Every line from the one with "I made a banner" to the end of the listing, and nothing else, is to be printed exactly; please leave the pictures out.
[Opening Collected data section]
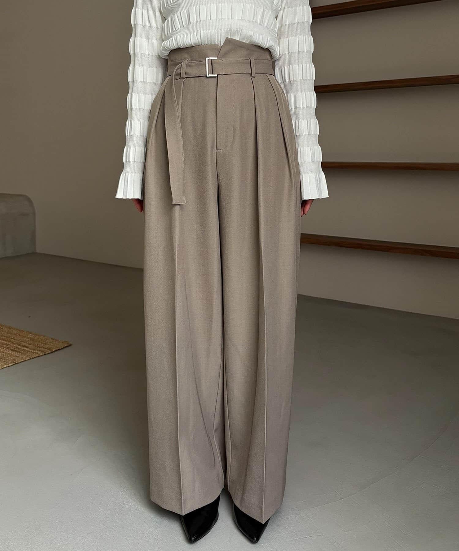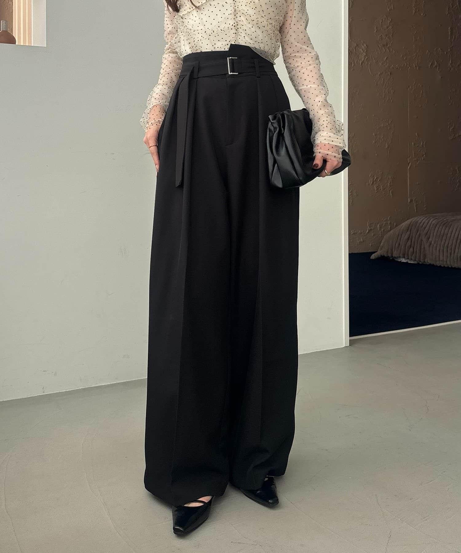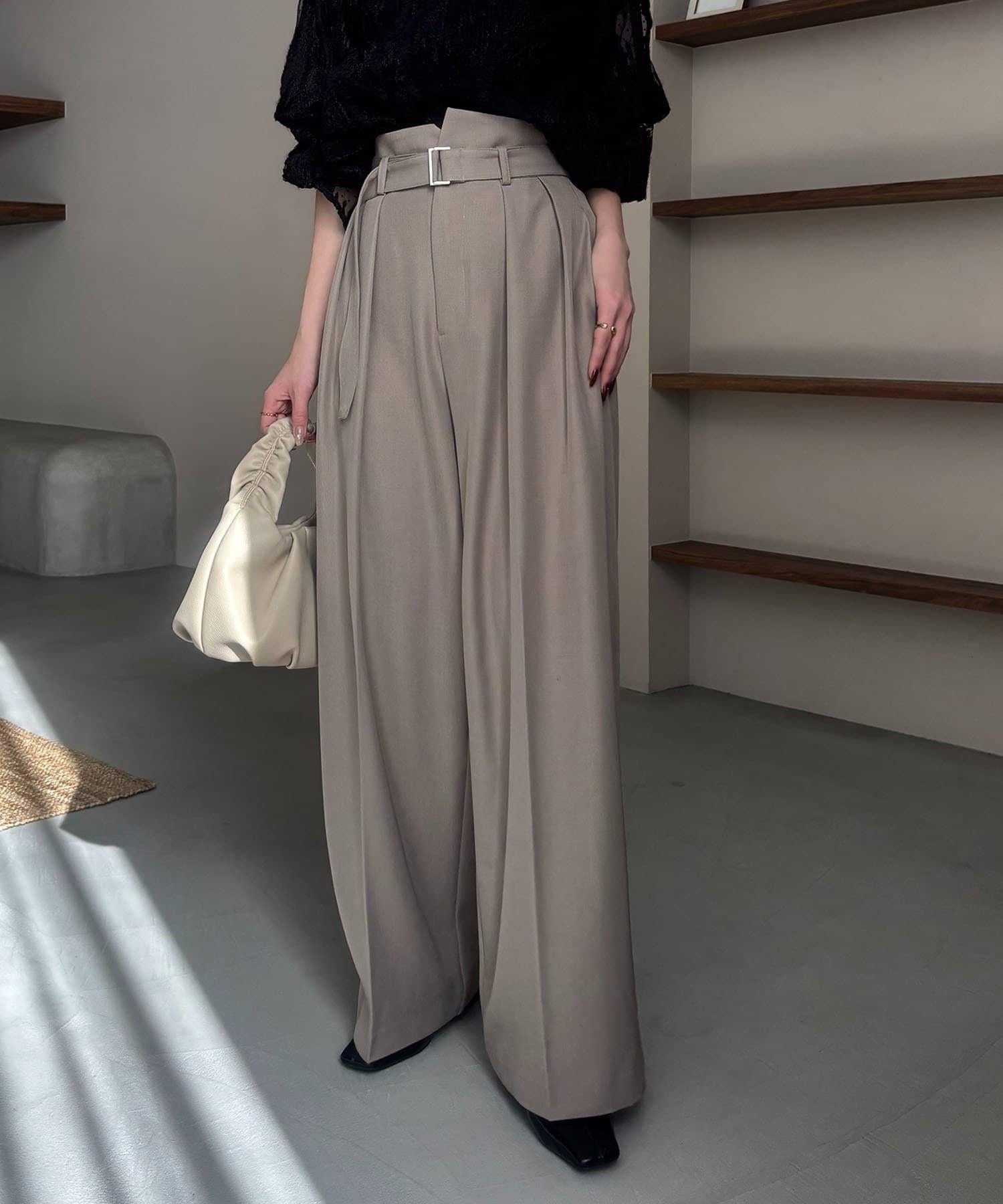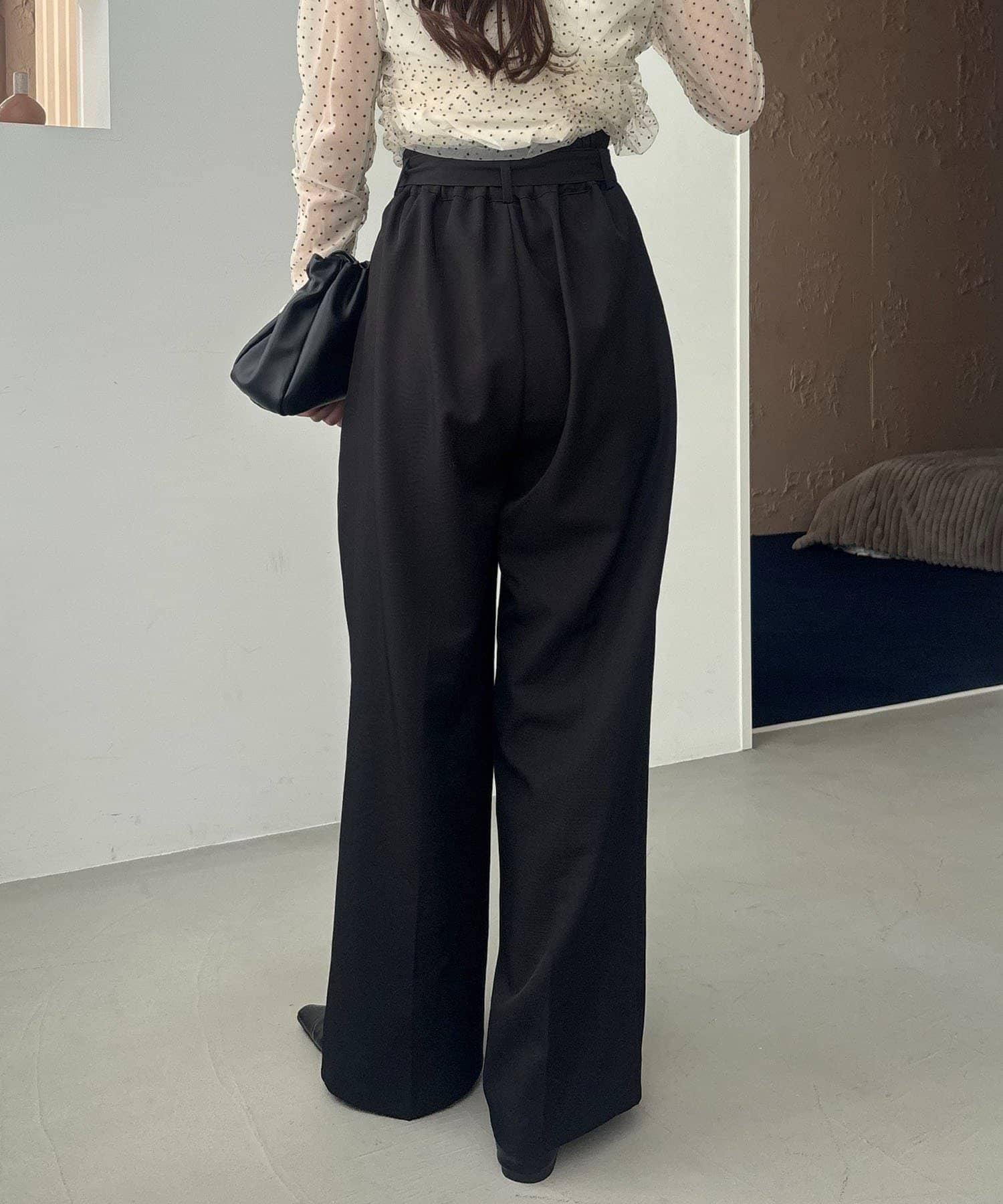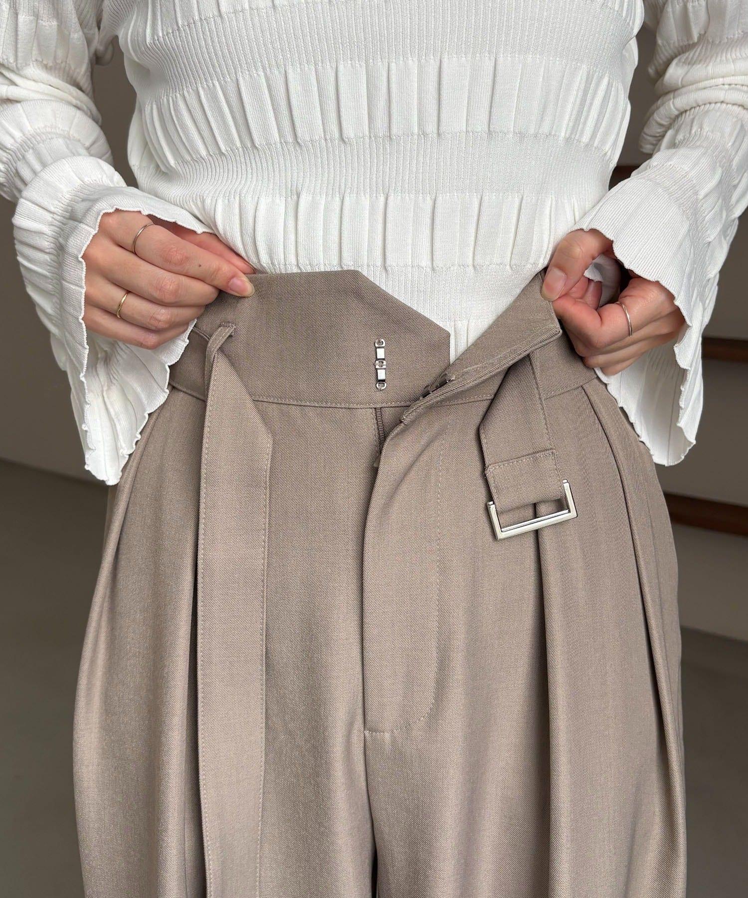 漂亮的廓形長褲,腰部設計。
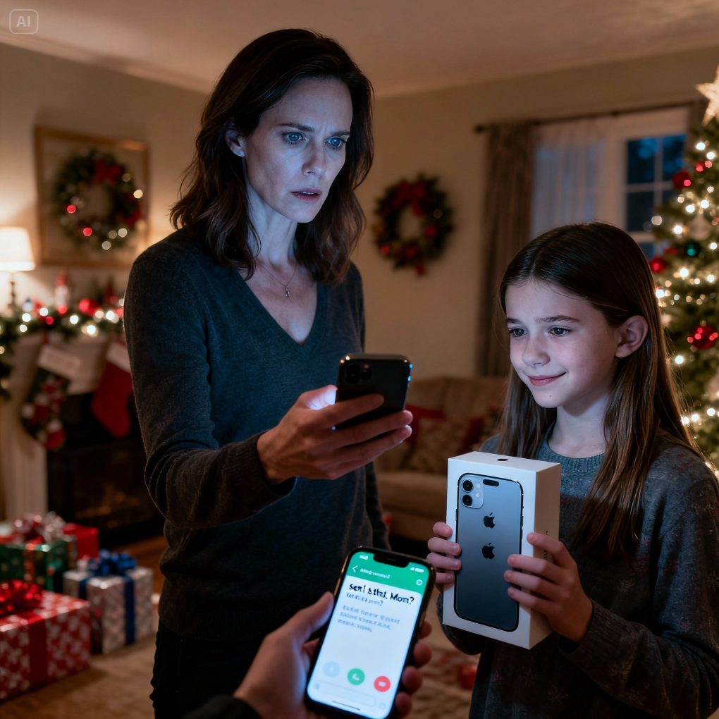 For Christmas, my parents gifted my eleven-year-old a brand-new iPhone. She was thrilled—smiling, laughing, setting it up right away. Then her expression changed. She turned the screen toward me and asked softly, “Mama… what is this?” One glance made my blood run cold. I didn’t raise my voice. I didn’t confront anyone. I documented everything, disabled the device, and made a few careful calls. Two hours later, questions were being asked, doors were closing, and my parents’ comfortable little world began to unravel.
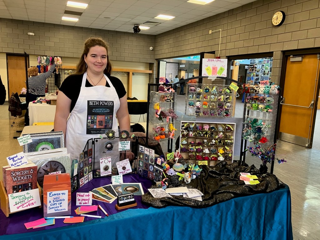 I made a banner for my table–here’s a picture of a recent event without the banner and one with it. I’m hoping that it will make it easier for you to spot my table at these upcoming events!
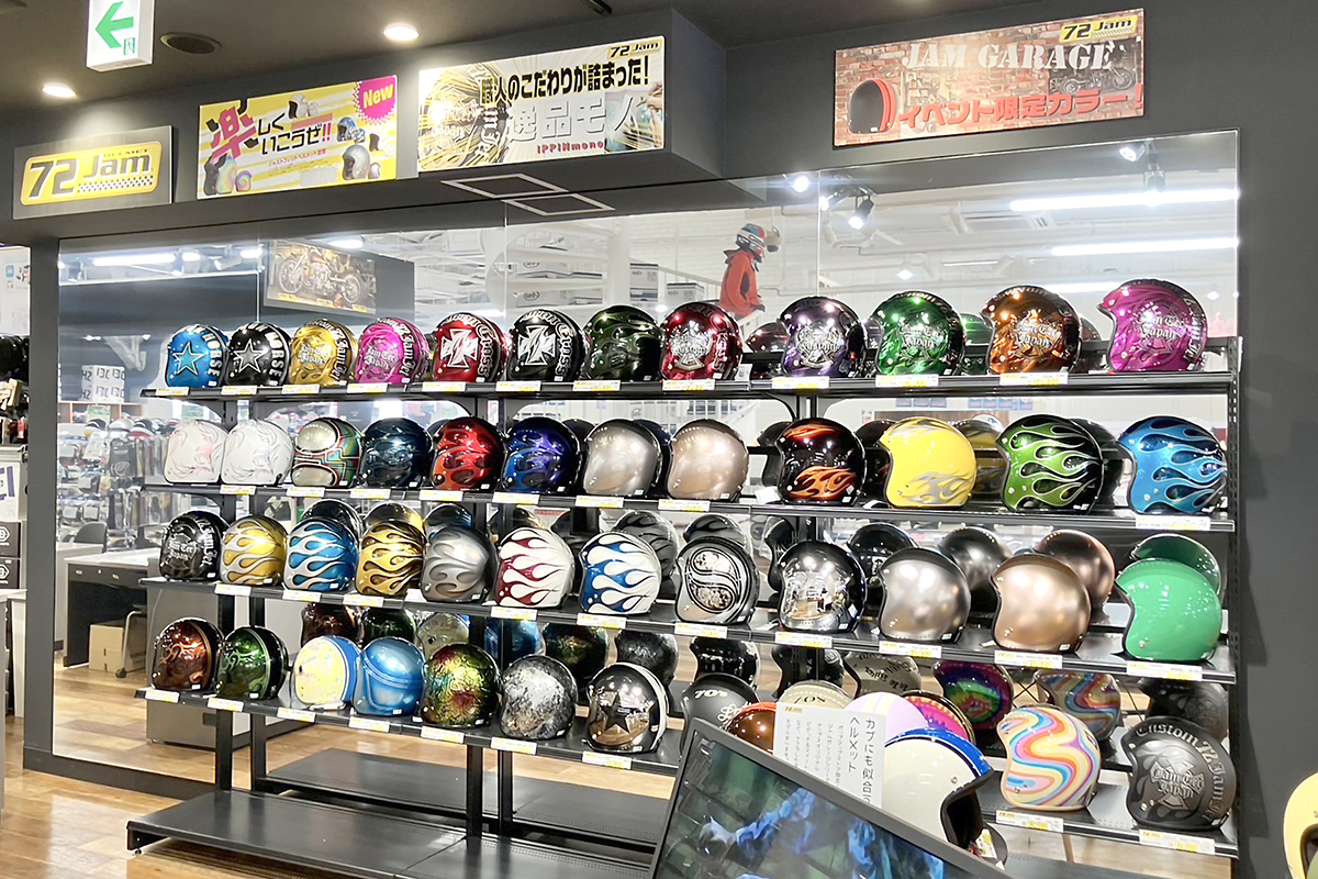 バイクに乗るときの必需品であるヘルメット。どうせかぶるなら好みの物を選びたい。「人とかぶらない個性的なヘルメットが欲しいなぁ」と思ったら、ぜひナップスららぽーと立川立飛店で展開されている72Jamポップアップストアに行ってみて欲しい!
[Closing Collected data section]
** Response to this task **
 I made a banner for my table–here’s a picture of a recent event without the banner and one with it. I’m hoping that it will make it easier for you to spot my table at these upcoming events!
 バイクに乗るときの必需品であるヘルメット。どうせかぶるなら好みの物を選びたい。「人とかぶらない個性的なヘルメットが欲しいなぁ」と思ったら、ぜひナップスららぽーと立川立飛店で展開されている72Jamポップアップストアに行ってみて欲しい!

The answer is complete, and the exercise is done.